“These Germans are crazy” – it is something to this effect that the judges of the European Court of Justice (ECJ) may have thought when they now corrected the 2017 jurisdiction of the German Federal Court of Justice (Parfummarken). Upon submission by the Court of Appeal (England & Wales), the ECJ has now clarified in a September 5, 2019 judgement (C-172/18 - AMS Neve v. Heritage Audio) that a trademark infringement action can be brought before a EU trademark court in the Member State where the consumers or traders to whom the infringing online advertising and the offers for sale are directed are located. Even though the ECJ is maintaining its 2014 ruling in the Coty Germany case that there is no jurisdiction for EU trademark infringements at the place where the harm arose and that active conduct of the trademark infringer in the Member State is required. According to the CJEU, however, the electronic display of advertising and offers for sale does constitute such an active conduct. It is irrelevant where the infringer is located or where the server or the products that are the subject of such advertising and offers for sale are located.

The ECJ decision is particularly important for owners of EU trademarks domiciled in Germany. In its decision “Parfummarken” the German Federal Court of Justice held that, in the case of online offers for sale that are infringing the EU trademark, even distribution efforts by the infringer relating to Germany were not sufficient to affirm the international jurisdiction of German courts. The jurisdiction would not be governed by the place where the website can be accessed, but solely where the publication of the offer for sale on the website was initiated. Thus, the German Federal Court of Justice had de facto abolished the jurisdiction of the place of infringement for EU trademarks. At the same time, it had decided that the German courts would remain competent for national trademarks.

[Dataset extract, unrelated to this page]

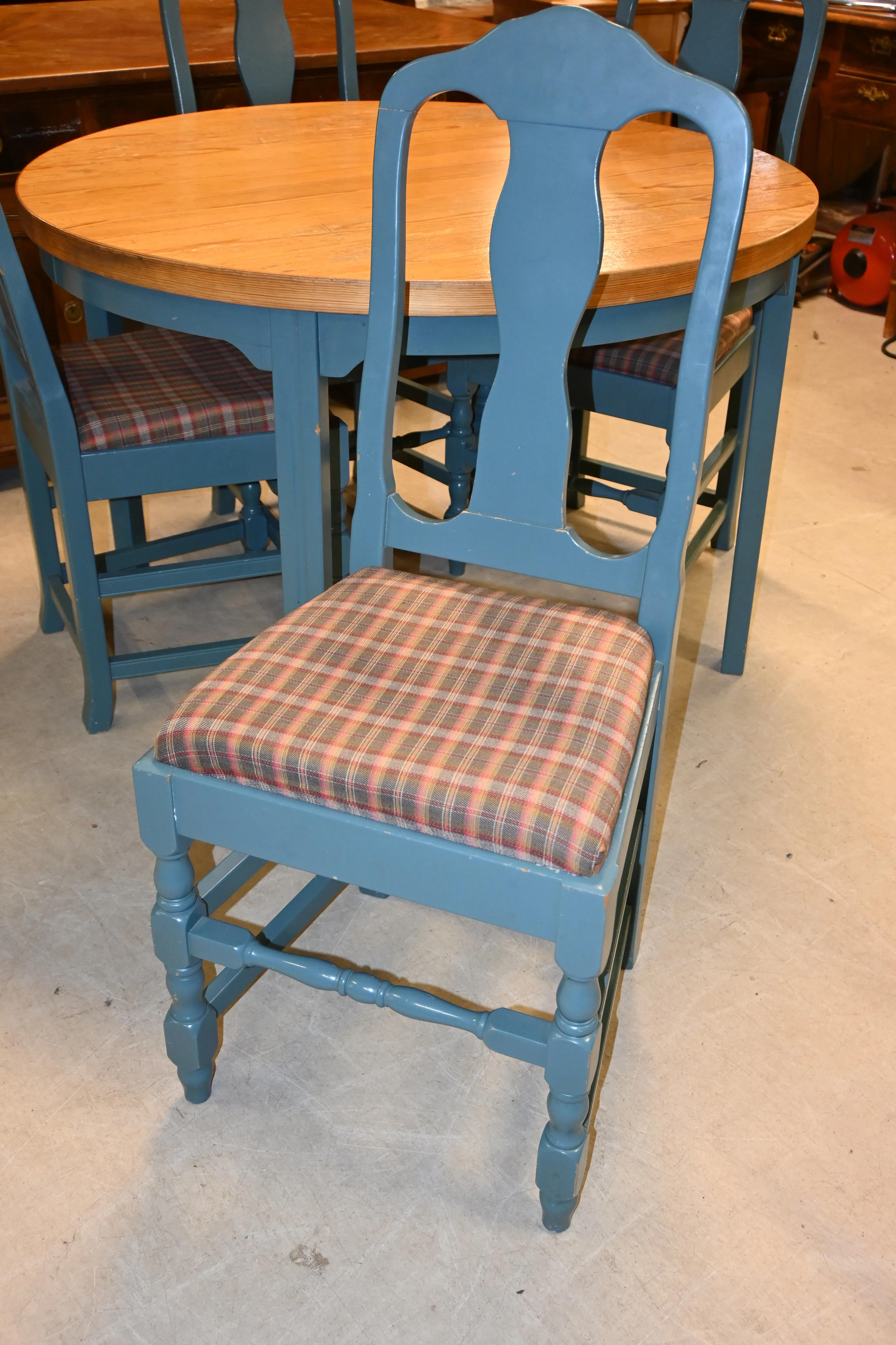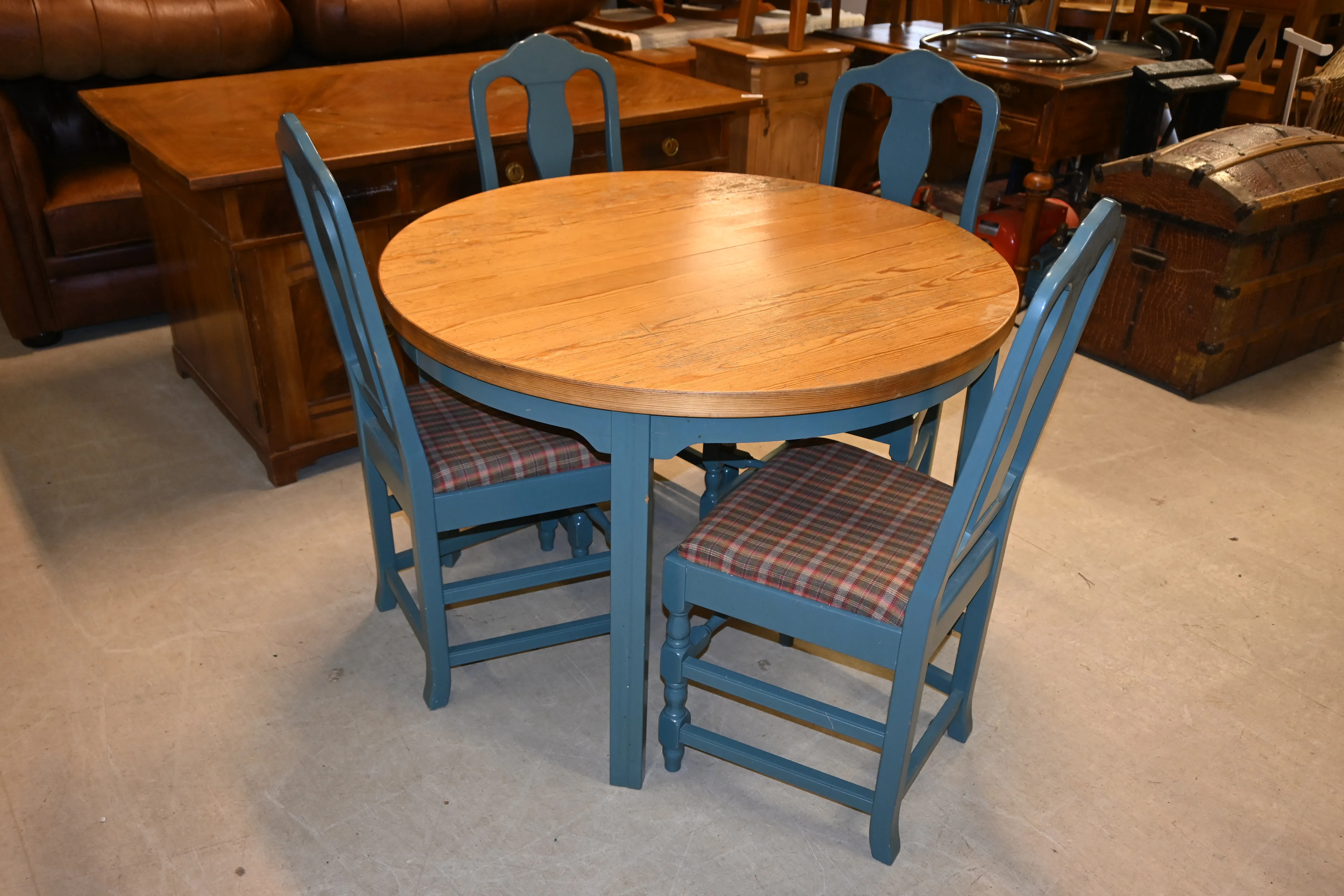 359. Köksbord H.74.5cm D.110cm + 4st stolar (slitage på skivan)

The case now decided by the ECJ is almost identical to the decision of the German Federal Court of Justice (Parfummarken): The plaintiffs, established in the United Kingdom, are proprietors or licensees of various EU trademarks for audio devices. The defendant, established in Spain, operates a website in English where it offers audio devices for sale by using the trademarks for which infringement is claimed. The defendant supplies the products to the UK and even published a list of UK distributors where the defendants’ products are available. The plaintiffs claimed an infringement of EU trademarks in the United Kingdom and the jurisdiction of the UK court. Rightly so, as the ECJ now held.

As a result, EU trademark owners have the possibility to bring an action at the place where the infringer is domiciled or established. Alternatively, according to the ECJ, an infringement action may also be filed in the Member State in which the by the online offers targeted consumers and traders are located. Thus, with respect to EU trademarks, the Court of Justice confirms the place of jurisdiction where the infringing act takes place.

Tip for the practice: In consideration of the ruling of the German Federal Court of Justice, in the past German owners of intellectual property rights had to rely on national trademark registrations to obtain effective legal protection in cross-border litigation matters in the EU. The clarifying decision of the European Court of Justice now largely eliminates the discrimination of EU trademarks compared to national trademarks and entails legal certainty. In the case of cross-border online offers for sale, owner of EU trademarks can now again bring infringement actions before German courts against companies located in other EU Member States. While foreseeable infringement success is sufficient for German trademarks, for EU trademarks it is necessary to make sure that the infringer has communicated to Germany. It is also for this reason that the filing of German trademarks in addition to EU trademark applications continues to be recommended.